Reauthoring & Converting models for edge inference: MambaV2 on LiteRT
The journey of taking an architecture from huggingface and getting it running on an on-device inference framework
Initially, this post was going to be mainly theory about my past experience in getting a novel architecture (say, an LLM like Llama) exported for on-device inference with frameworks like Google’s LiteRT, Microsoft’s ONNX, or Apple’s coremltools.
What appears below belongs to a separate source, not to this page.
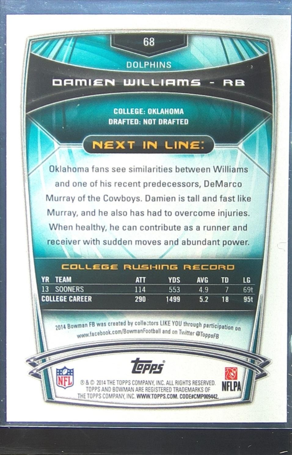 2014 Bowman Damien Williams Rookies RC #68 Dolphins
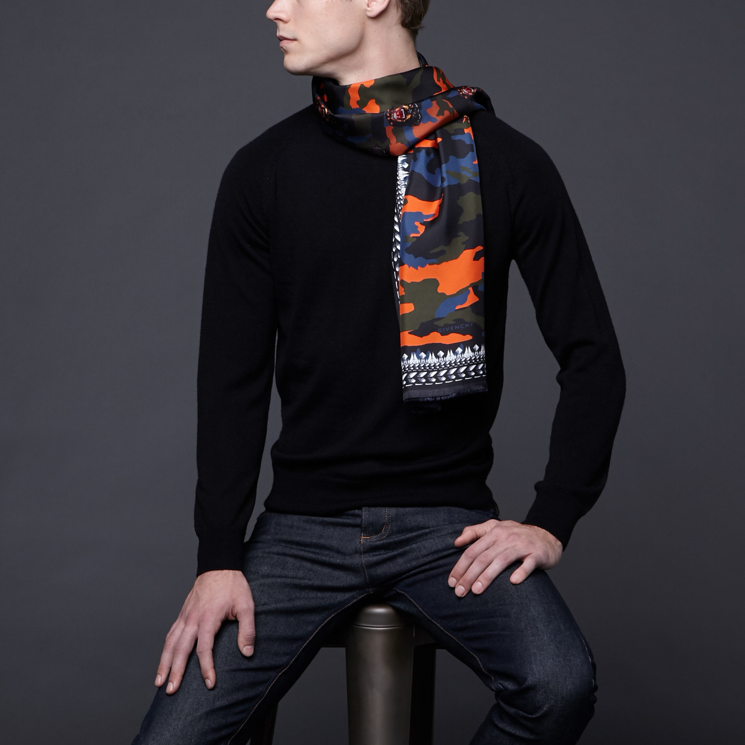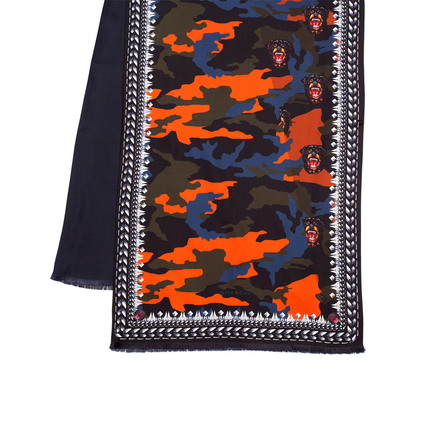With animal, spiritual, urban, floral, geometric, and the darkly romantic all intersecting into one dizzying line of designs, Printed Double Face Rottweiler Camo is a perfect representation of Givenchy's fabled aesthetic, updated for a new generation. The couture clashing of new colors and classical prints is a look that Givenchy made luxe in the first place, with each scarf being transformed into a wearable work of art.

But just then IBM’s Granite 4 Nano models got published, so I decided to dust off the old cobwebs and make it a practical demo :-)
The novel thing about the Granite 4 Nano (hyrbid) models is the inclusion of MambaV2. For an intro, I would read the paper (or just ask ChatGPT in Study & learn mode!). The high-level description is that instead of using an O(N*d) KV-cache for storing past computations, Mamba stores a couple of convolution & SSM states (analogous to RNN states) that are O(d). They are more efficient and use lesser memory, but aren’t as good quality-wise as Attention layers - therefore most models including Granite4 Nano have some attention layers mixed with Mamba.
Now that the model has been introduced, lets see what we need to do to get this exported for on-device inference (for edge devices like mobile phones) on LiteRT via ai-edge-torch. All the code can be seen here, which I will try to contribute back to ai-edge-torch pending some approvals from my employer.
Why ai-edge-torch & LiteRT? Because as of writing this (November 2025), this framework was the most ergonomic, with plenty of examples & tooling. This ensured that I could just focus on the part interesting to me (implementing Mamba), rather than spend a ton of time understanding a new framework. coremltools doesn’t have a model zoo-type thing focused on LLMs, and optimum-executorch had too many layers of abstractions to wade through (just my opinion).
1) Re-authoring the model
Edge frameworks love static execution plans and predefined shapes to be efficient on diverse edge hardware like Adreno GPUs, Qualcomm DSPs, and Apple/Google NPUs. This differs from source code (usually from huggingface) used for training on GPUs or TPUs. As a result, most models undergo a “re-authoring” process pre-deployment, specifically to optimize the original PyTorch (or Jax, or TensorFlow) code for on-device inference. This re-authoring process generally involves two main categories of changes:
1.a.) Representing ops in an edge-friendly way
A prime example of this is ANE Transformers. This effort by engineers from Apple involved representing attention with convolutions and chunking large tensors within the computation graph, in a bid to make the transformer more conducive to the ANE.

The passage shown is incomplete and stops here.